Но это отнюдь не фатальные обстоятельства, это фатальное мировоззрение, сопутствующая поэтическому восприятию мира вызывающая и вопиющая неспособность мириться с реалиями. Поэт, по всей видимости, отличается от всех других типов творцов тем, что меньше способен к раздвоению личности: жить в одном мире, а создавать в другом для философа, писателя или художника еще приемлемо; для поэта – почти невозможно. Разрыв между двумя мирами приводит либо к потере творческой тяги, либо к потере жизни, причем последнее с настоящими поэтами случается гораздо чаще. Воспитание и формирование личности Марины Цветаевой сделало невозможным компромисс – она, словно находясь в плену магнитного поля, испытывала одновременное влечение к Любви и к Смерти, все иное имело слишком малое значение…
Похоже, что именно этот разрыв между двумя внутренними мирами Марины Цветаевой, ее бесконечное и порой мрачное балансирование и порождало горные цепи устремленных ввысь стихов. Само появление их было для женщины временным освобождением, гипнотическим самолечением, потому что ей удавалось вводить себя в транс и находиться там, на колдовском сеансе целительной психотерапии, до тех пор, пока душе не становилось легче. Не научившись делать ничего, кроме срывающихся и кричащих строф, она дважды была обречена писать. Суровое время революций, переворотов и войн с их довоенными и послевоенными периодами резко обострило ее противоречия с реальностью. А значит, и подстегнуло к новым потокам песен надломленной с детства души.

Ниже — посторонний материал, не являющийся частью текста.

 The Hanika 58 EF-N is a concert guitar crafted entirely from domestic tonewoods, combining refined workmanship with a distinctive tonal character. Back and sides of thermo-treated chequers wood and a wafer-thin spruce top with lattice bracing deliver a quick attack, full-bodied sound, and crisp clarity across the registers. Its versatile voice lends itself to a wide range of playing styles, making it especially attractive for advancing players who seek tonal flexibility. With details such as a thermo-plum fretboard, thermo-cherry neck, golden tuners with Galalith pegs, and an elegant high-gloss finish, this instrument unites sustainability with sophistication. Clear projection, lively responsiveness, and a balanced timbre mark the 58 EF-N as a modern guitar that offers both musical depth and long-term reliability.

Островками спасения служили лишь бесконечные влюбленности, которые она и воспевала в стихах, обнажаясь до такой душевной наготы, на которую не решался никто из современников. Эта отвага бить по современникам фонтаном интимности породила интерес и удивление, а скандальность и дисгармоничность личной жизни привели к тому, что Цветаевой стали уделять гораздо больше внимания, чем ее более сдержанным и уравновешенным современникам.

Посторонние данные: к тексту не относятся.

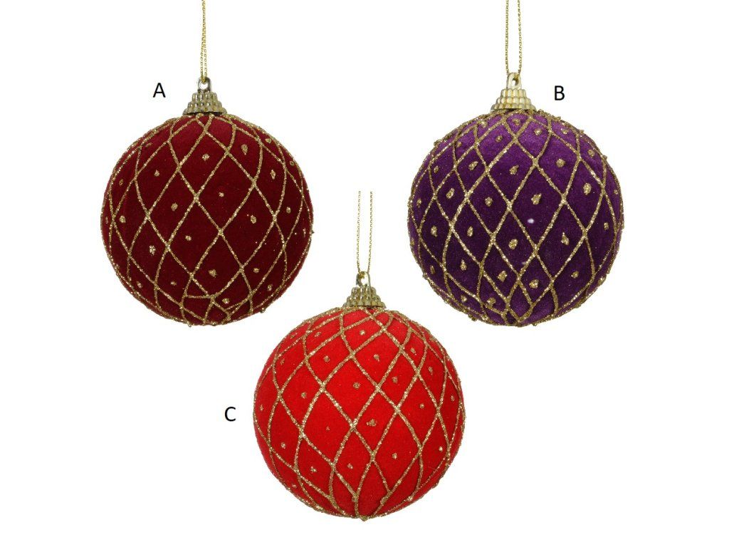 Vánoční ozdoba, 8 cm, samet, 3 druhy, KSD
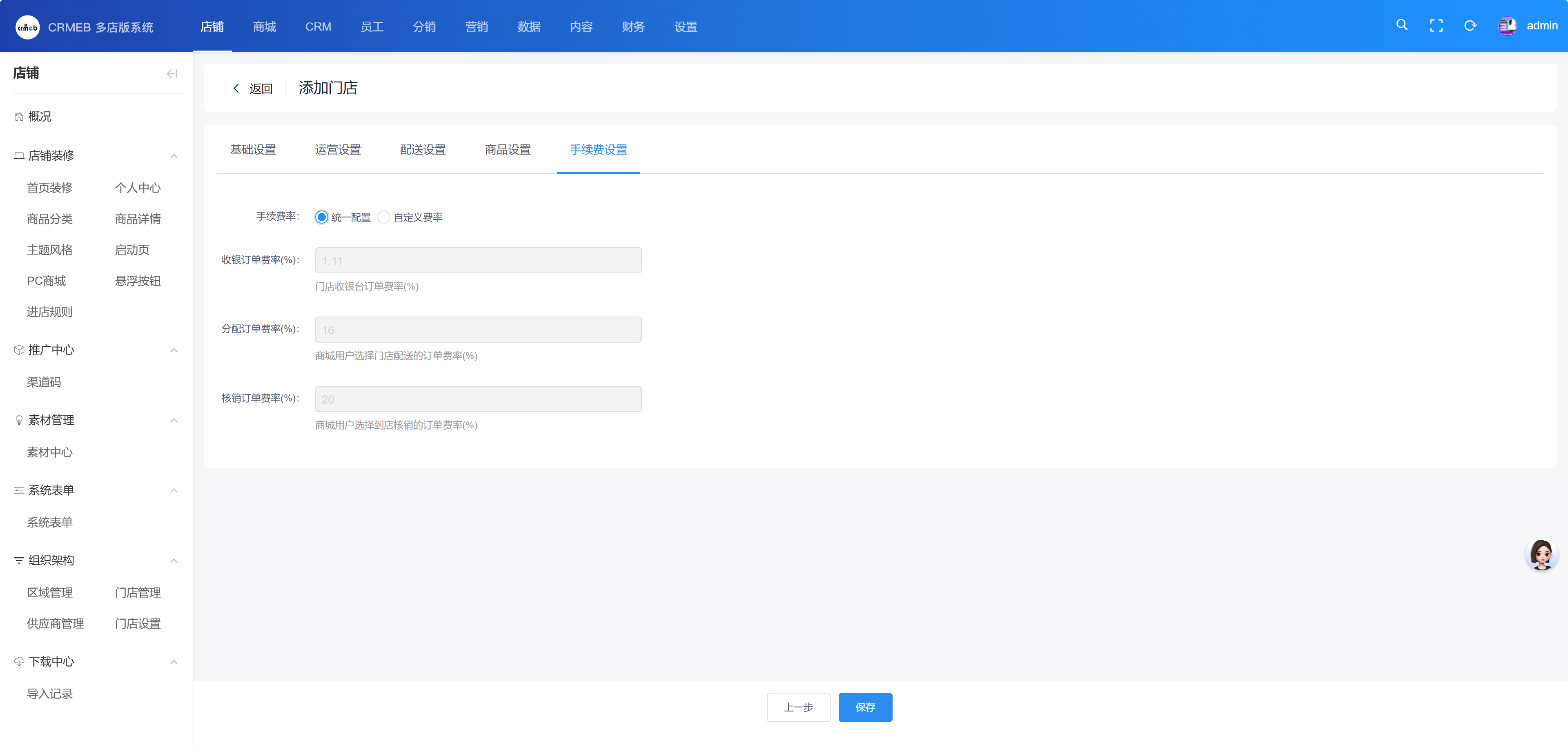 自定义:商城可以自定义某一门店的手续费率。

Годы творческого становления совпали с достатком, поэтому Марине было нетрудно опубликовать и второй сборник стихов, так же как и сборник рассказов своего избранника Сергея Эфрона. В это же время молодая поэтесса Цветаева получила литературную премию – свидетельство признания ее таланта. Несмотря на неоднозначные оценки критиков, она в этот период демонстрировала изумительную последовательность; она действовала вопреки всем существующим преградам, постепенно завоевывая не только внимание, но и признание современников.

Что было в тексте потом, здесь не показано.